I still need to get some more tutorials and fix the navigation in places.
March 21, 2007
Yahoo! Installers Behaving Badly
I just wiped my hard drive and I was installing Yahoo! Messenger when I was greeted by something not unusual but unexpected.
Image Removed
Above is the message Windows XP SP2 gave me when I tried to install Yahoo! Messenger using Yahoo’s own web installer. Since I have enabled DEP (data execution prevention) on Windows, I have seen a few of these pop up form time to time. What is unexpected is that a major software vender like Yahoo! allows this to happen. I thought for sure that with a user base as large as theirs, they would solve it very quickly, guess not. In the end I had to disable DEP, restart the computer, install Messenger, re-enable DEP, and then restart one more time. Nothing too big, just a gripe.
For those of you who do not know what DEP is, I have included several links below. DEP is a feature added into Windows XP SP2. It basically stops buffer overflows which has been the number one vector for computer exploits for the past 15 years. According to some (see Steve Gibson and Leo Laporte in Security Now!, episode 78 http://www.twit.tv/sn78) DEP is almost as important as having a firewall enabled on your machine. The downside is that unlike the SP2 firewall, DEP is not enabled by default. DEP may cause hassle on some older programs but it has actually demonstrated itself as a helpful security product on my PC (I will tell you about my adventures with PWDump2 one day).

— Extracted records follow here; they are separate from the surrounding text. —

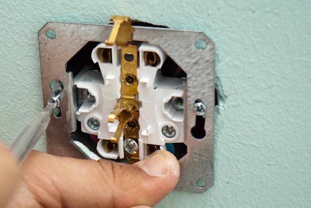 1. Отключите электричество! Для этого в электрощите, необходимо рычаги автоматических выключателей перевести в состоянии «выкл.», обычно это положение, при котором рычаг направлен вниз. Какой именно автомат необходимо выключить, если они не подписаны, определяется опытным путем, выключая их по очереди, и проверяя, например индикаторной отверткой, наличие напряжения в проводке розетки. В крайнем случае, выключайте все. Но затем обязательно убедитесь, в отсутствии электрического тока, в месте установки!
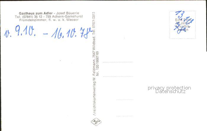 31730831 Gamshurst Gasthaus zum Adler postalisch nicht gelaufen Erhaltung siehe scans KatCode: 11110008317001
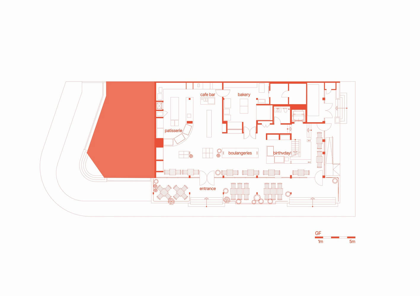 1층엔 고객이 쇼핑을 경험할 수 있는 Boulangerie & Patisserie가 있으며 위로 올라가면 호텔 라운지를 연상시키는 바와 라운지가 위치하여 맛있는 음식을 맛볼 수 있습니다. 최상층에는 직원공간과 연구공간이 존재합니다.
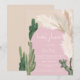 Tropical Boho öknar grönt cactus och pampas gräs möhippa inbjudan med vild cacti, pampas vattenfärg, bågformade med muterade jordtoner med ljusbeige och terracotta färg med dammig rosa båge.

Standard Microsoft Article:
http://support.microsoft.com/kb/875352
http://support.microsoft.com/kb/875351
TechNet Article:
http://technet2.microsoft.com/WindowsServer/en/library/b0de1052-4101-44c3-a294-4da1bd1ef2271033.mspx?mfr=true
Can Someone Get a Rootkit Certified?
It looks like the famous H.D. Moore is trying to get Metasploit Microsoft Certified for Vista in an article at physorg.com (http://www.physorg.com/news93262491.html). Apparently getting your software certified by Microsoft only costs $500 and is somewhat of a conveyer belt mindless system. The problem with this is Vista and XP, if enabled, only allows signed drivers to be installed. I suppose this is nothing new but having a signed driver gives the comfort of legitimacy to the users and in the case of Vista, gives legitimacy to the OS. Even though only allowing signed drivers is a good thing, it is not fool proof.
I think all in the security arena would agree that Metasploit is not a rootkit but I’m certain Microsoft would not like to have it certified. Maybe I should go ahead and get a few things certified while there is still a mad rush to be Vista compatible…
March 18, 2007
Reformatting
I have had an interesting week. During the first part I participated in the digital combat exercises. Our team done well and we placed second. At first I felt really bad but I found out that the winning team is professional pen testers so that made me feel a little better. The downside is my main computer arrived back at my house DOA. After a few days of tinkering and pulling components I finally got it back together. As I type this on my secondary computer I am reformatting my main computer. Hopefully this week I can start pushing out some more content to the site.